Nuclear Physics Project List
1. Coulomb energy shifts in muonic atoms:
Calculate the muonic atom energy levels exactly assuming a fermi distribution for the nuclear
charge density. Fit the nuclear geometry parameters (half­density radius and surface diffusivity) to the
experimental muonic energies.
2. Electron­nucleus scattering: Calculate the ground state charge density of a nucleus by calculating the ground state wave
functions in some model and summing to get the total. Then use that charge density to get the coulomb
scattering form factor (fourier transform of the density).
3. Nuclear mass calculations:
Calculate the ground state energies of the orbitals of the nucleons which make up some nucleus.
Calculate the total energy based on these energies. Perform the calculations for three nuclei (He, C, and O)
and compare with experiment.
4. Electromagnetic transition rates (lifetimes):
Calculate the wave functions and energy levels for several dipole transitions in some nucleus then
use these wave functions to calculate the lifetime of the states.
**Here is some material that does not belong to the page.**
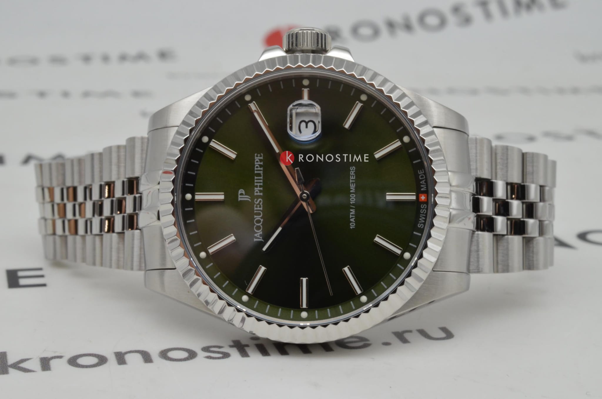 Jacques Philippe JPQGS5913X6V2 — мужские часы в сдержанном классическом исполнении с акцентом на простоту и надёжность. Корпус диаметром 40 мм выполнен из нержавеющей стали, а его умеренная толщина — около 12 мм — делает модель универсальной и комфортной в повседневной носке. Циферблат оформлен в светлом зеленом тоне с тонкими стрелками, лаконичными часовыми метками и аккуратным окошком даты в позиции «3 часа». Минималистичный стиль подчёркивает строгость и чистоту дизайна. Поверхность защищена устойчивым к царапинам сапфировым стекломСапфировое стеклоПрочный и надёжный материал из кристалла сапфира синтетического происхождения, характеризующийся особой твёрдостью и устойчивостью к царапинам и повреждениям., которое обеспечивает хорошую читаемость и долговечность. Механизм — точный швейцарский кварц, не требующий подзавода. Он обеспечивает стабильную и бесперебойную работу часов, сохраняя точность в любых условиях. Браслет из нержавеющей стали визуально продолжает корпус и фиксируется с помощью надёжной застёжки, обеспечивая комфортную посадку. Ширина браслета — 22 мм. Водозащита до 10 ATM позволяет использовать часы не только в повседневной жизни, но и при активности на воде. Jacques Philippe — это надёжная и универсальная модель для тех, кто ценит швейцарскую точность, простоту и уверенный стиль без лишних деталей.
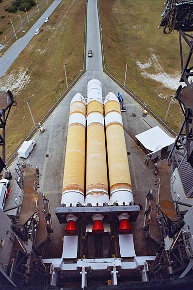 The first Boeing Delta 4-Heavy rocket was erected vertically at pad 37B on December 10, one day after rolling horizontally to the Cape Canaveral complex. Credit: Boeing

5. Dirac model of nuclear structure:
Learn about the sigma­omega (Dirac) model of nuclear forces. Reduce the dirac potentials to
Schroedinger form and use it to calculate the ground state properties of some nucleus.
6. Perturbation calculations:
Calculate the energies and wave functions of some nucleus then use these wavefunctions to
calculate corrections to the energies due to some perturbation, e.g. the relativistic correction to the kinetic
energy, or adding one particle outside a closed shell.
7. Electric polarizability of nuclei:
Calculate the energies and wave functions of some nucleus then use these wave functions to
calculate the polarizability of some nucleus. The polarizability is two times the ratio of the energy shift
when an electric field is turned on to the electric field strength squared.
8. Deuteron binding energy and rms charge radius:
Calculate the deuteron binding energy and charge radius using the Yukawa model for the p­n
potential. Fit the strength of the potential to the deuteron binding energy (2.2 MeV) and then predict the
rms charge radius.
9. Magnetic moments:
Calculate the magnetic moment of nuclei one particle away from closed shell.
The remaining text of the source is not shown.